Ирина Мельникова - Финита ля комедиа
И самое печальное было в том, что он никак не мог или не хотел понять, что она никогда не была чувственной, она была только страстной. И способна была прожить без любовных утех и год, и два, если сердце ее молчало, и отдавалась мужчине только любя…
К утру, уткнувшись носом в промокшую подушку, она поняла, что окончательно потеряла его любовь, но не уважение к себе. И теперь с ней остались лишь громкая и заслуженная слава да сорок лет жизни за спиной.
Слава! Что в этом слове для нее? Она добилась признания, удача не обошла ее стороной. Она получает самое высокое жалованье в театре — триста рублей ежемесячно. Но кто знает, какой ценой все это доставалось!
Кому, кроме нее самой, известно о тех бесконечных бессонных ночах, болях в сердце, жутких мигренях, когда кажется, весь мир насквозь пропитан уксусом, которым горничная смачивает полотенце и прикладывает к ее вискам.
Да, она заняла в театре высшее, признанное всеми место. Она ездит на гастроли. Имя ее, отпечатанное на афишах крупным жирным шрифтом, дает полные сборы по всей Сибири. Публика встречает и провожает ее овациями, и за кулисами она держится гордо и надменно, как истинная королева. Дружбу с женщинами она почти не признает. И всем без исключения говорит «ты», кроме губернатора и директора театра, а ей все говорят «вы», кроме, пожалуй, двух-трех друзей, которых она знает по совместной работе еще там, в России…
Для североеланцев все, что за Уралом, — Россия, а здесь словно другое государство — Сибирь, — огромное и дикое, богатое и бедное одновременно. И здесь она почувствовала себя еще более несчастной и одинокой, чем там, в далекой и теперь уже недосягаемой России.
Она почти богата благодаря гастролям, бенефисам и подношениям. Первейшие толстосумы губернии готовы целовать пол, по которому она ходит. Никому из актрис не подносят столько дорогих подарков во время бенефиса, сколько приходится их на долю Полины Муромцевой.

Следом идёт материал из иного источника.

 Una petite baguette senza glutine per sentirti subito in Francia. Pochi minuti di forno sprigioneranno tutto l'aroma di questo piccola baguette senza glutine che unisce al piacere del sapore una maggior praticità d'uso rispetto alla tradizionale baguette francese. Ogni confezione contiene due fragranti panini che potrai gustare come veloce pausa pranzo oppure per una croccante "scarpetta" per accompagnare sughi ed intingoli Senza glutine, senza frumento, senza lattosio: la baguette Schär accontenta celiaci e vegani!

Купцы раскошеливаются на ценные сервизы, меха, драгоценности, промышленники щеголяют друг перед другом оригинальностью подношений и их баснословными ценами. И те и другие платят по пятьсот и более рублей за ложу. Дом у нее — полная чаша, свои лошади, своя дача, где она отдыхает летом, семь человек прислуги. Ей завидуют, ее боятся. Ее боготворят и ее ненавидят. Но никто даже не подозревает, что ее съедает одиночество. Она — одинокий остров в бурном море. В море обожания, лести, цветов, любовных посланий, злобных перешептываний и лицемерного сочувствия.

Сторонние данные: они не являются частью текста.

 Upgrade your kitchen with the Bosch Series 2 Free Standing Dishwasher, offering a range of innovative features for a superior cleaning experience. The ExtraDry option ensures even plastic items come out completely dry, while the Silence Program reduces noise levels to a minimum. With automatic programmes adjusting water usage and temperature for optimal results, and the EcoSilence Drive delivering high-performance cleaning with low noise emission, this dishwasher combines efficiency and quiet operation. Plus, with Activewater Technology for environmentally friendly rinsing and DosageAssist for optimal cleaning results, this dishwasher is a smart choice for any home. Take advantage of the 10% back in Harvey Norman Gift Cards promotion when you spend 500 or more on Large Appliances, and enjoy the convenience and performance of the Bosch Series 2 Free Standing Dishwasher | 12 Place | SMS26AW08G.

Все знают, Полина Муромцева — известная покровительница молоденьких актрис, всех дебютанток, которых травят и преследуют мужчины. Чтобы получить приличную роль, они должны переспать или с антрепренером, или с режиссером, или с «первым любовником», а часто со всеми тремя по очереди… Она всегда горячо вступается и яростно защищает женщин, будь то актриса или простая гримерша. У нее редкая черта, вернее, признак истинного таланта: она просто не способна к зависти и радуется каждому свежему дарованию и помогает ему, чем может, усердно и настойчиво расчищая ему дорогу на сцену. Ее кошелек и дом всегда открыты для желающих.
Но с врагами Муромцева беспощадна. Обид она никогда не забывает и не прощает. Она давно уже поняла, сколь сильна и убийственна сила смеха. И за кулисами, и в обществе она не скупится на язвительные характеристики и прозвища тем, кто ненавидит ее или откровенно, по-черному завидует ее красоте, славе, успеху у мужчин, и потому нет-нет да и бросит гаденькое словечко вслед или пустит злобный слушок за ее спиной.
Но грязь не липнет к ней, хотя — ox! — сколько раз пытались ее измазать дегтем и даже обвалять в перьях. Из любой переделки она всегда выходила с гордо поднятой головой и становилась еще красивее и соблазнительнее.
Сцена всегда была для нее жертвенным алтарем, на котором сгорают в два раза быстрее, потому что здесь успевают за одну жизнь прожить десятки, а то и сотни других. Сюда поднимаются умирать и возрождаться, любить и ненавидеть, радоваться и страдать, терпеть и надеяться, верить и ждать. И раз за разом воплощаться в своих героев, отдавая им часть своего тепла, души, здоровья.
И так из года в год — только дарить, дарить всю себя без остатка, без всякого снисхождения к самой себе… Забыть про собственное горе, слезы, болезни…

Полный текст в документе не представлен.